Caught On Video: Oakland Realtors Coach Buyers On How To Profit From Tenant Eviction
OAKLAND (KPIX) - Oakland's housing market is sizzling. There are open houses every weekend. And many of them are filled with tenants who have to awkwardly watch and listen to the people who could take away their homes.
It's an especially lucrative business model because of what some are calling a huge loophole in the city's eviction law.
Undercover cameras videotaped, as realtors walked KPIX and a group of potential home buyers through duplexes and triplexes at open houses in Oakland. They coached us as we went along on how to legally kick out everyone living there.
It was a crash course in the business of eviction, all caught on hidden camera.
"You can move in, and then once you have lived in the property, then the umm the restrictions on evictions and stuff go away," one realtor told us.
The realtors openly explained how to maximize our return and make a career off buying and selling duplexes.
Another realtor put it this way: "A lot of people, that is what they do for a living. They will buy apartments that have below market rate rents, and figure out a way that they can get them up higher so they can sell it for a profit."
Meanwhile, current occupants of the home were sitting within earshot, knowing whoever buys their place has the ability to drastically change their life.
Morgan West lives in Oakland. We toured her apartment while she was home.
"Honestly kind of awkward," she said.
The realtor thanked her and wished her a 'good day' as we left.
These apartment tours have been part of Love's life for the past 7 months. She's been anxiously watching realtors advertise the West Oakland triplex she desperately wants to continue living in.
"I think there's got to be some level of understanding that when you're coming in and probably going to push people out of your home, that's going to be really hard for those people," says Love. "If that doesn't make you uncomfortable, I think there's really a problem."
Love and the other women living in her triplex are all artists. If she loses this apartment she says she won't be able to afford rent in the Bay Area.
"I think it's really sad and horrible that folks who are artists are being pushed out," she says. "I think it's even more sad and horrible that people who have been in these neighborhoods for generations are being displaced."
KPIX showed the hidden camera video to Leah Simon-Weisberg, with Centro Legal de la Raza, a tenants' rights group in Oakland.
She listened as a third realtor showing us Morgen's triplex told us: "The day you own this property as the homeowner you can give 60-day notices to vacate to all three tenants immediately if you wanted."

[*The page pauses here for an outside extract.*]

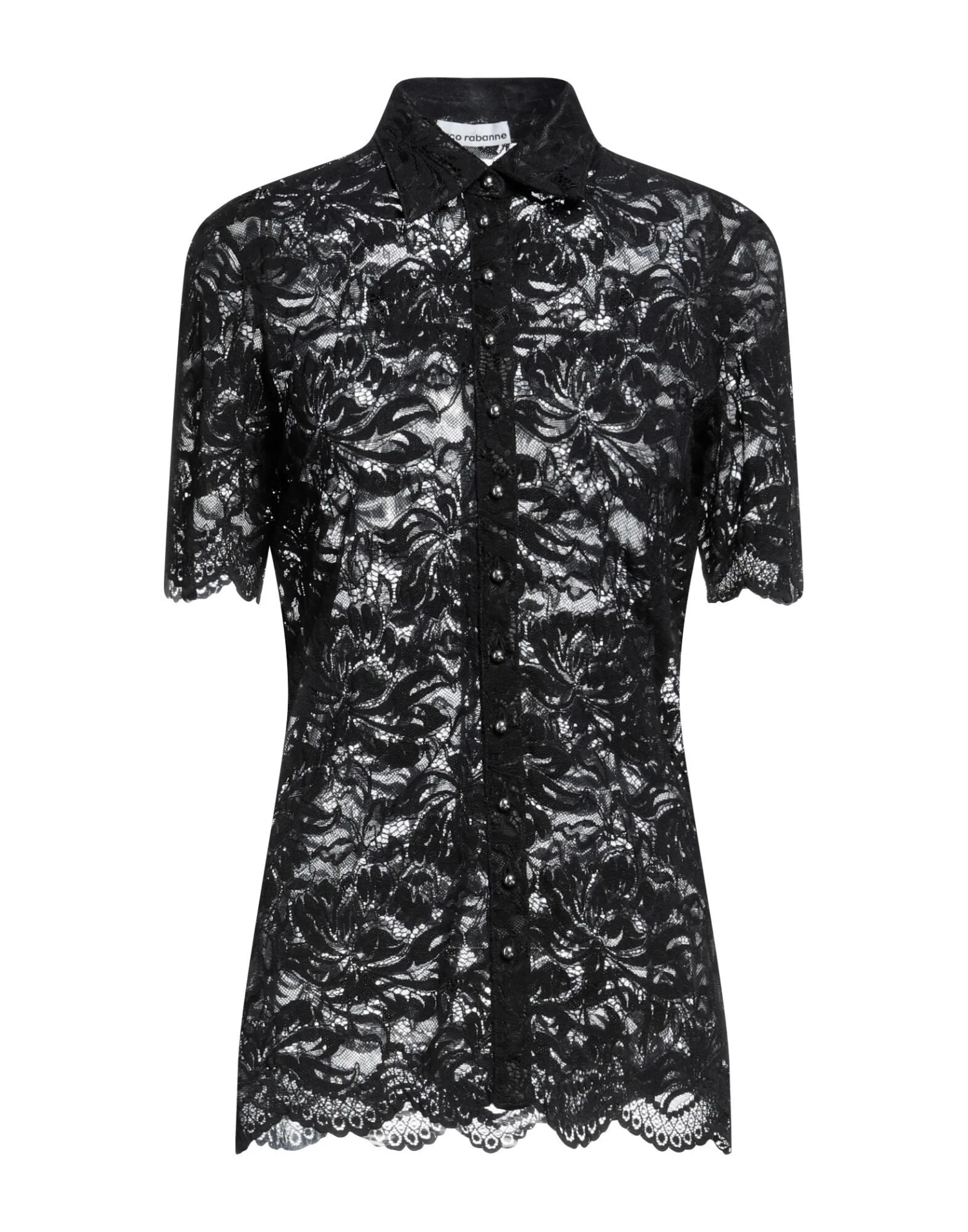 lace, no appliqués, solid color, classic neckline, short sleeves, button closing, no pockets, stretch, small sized

"It's kind of one of those situations where you're sad to know you were right," she says. "We have the worst homelessness that California has had since the Great Depression, and some say since the big earthquake. If we want to live in a civil society and we don't understand why we have so many homeless families, this is why -- because we've allowed, we are tolerating that people are making a business model off of this."
It is business model that is uniquely profitable in Oakland thanks to a loophole in the city's Just Cause for Eviction Ordinance. It states that all the tenants living in buildings with three units or less can be evicted as long as the owner occupies one.
"This is your home, this is not like a business, like the guy who has got the 100 unit building. This is where you live," says Wayne Roland.
He is with the East Bay Rental Housing Association. He says voters passed a ballot measure in 2002 to exempt small landlords from the 'just cause' eviction law for a reason.
"It takes 2 to tango," he says. "You can't just set up rules that favor tenants and have your concerns always related to the tenants. You have to be concerned about the people who are providing the housing, as well."
As for the small property owner in Oakland, Roland says "they are providing the lion's share -- the overwhelming lion's share of the affordable housing, so let's give them a break sometimes."
Meanwhile, with every day that goes by, another duplex sells over asking price. Artists like Love live day-to-day in their rented units, hoping for the best but bracing for the worst.
"It's really, really hard to think that you're going to be able to survive as an artist, but to know that your entire ability to be stable and find a place to live could be thrown in the trash at the drop of a dime is terrifying," she says wiping away her tears.
Simon-Weisberg's tenant's rights group is proposing a new ballot measure to overturn the old one from 2002 that would give small apartment owners in Oakland the exemption. City council members would have to vote to put it on the ballot in November. If they don't take action by the end of the month, she says it'll be too late.
She predicts that by next year, hundreds more Oakland residents will have been kicked out of their homes.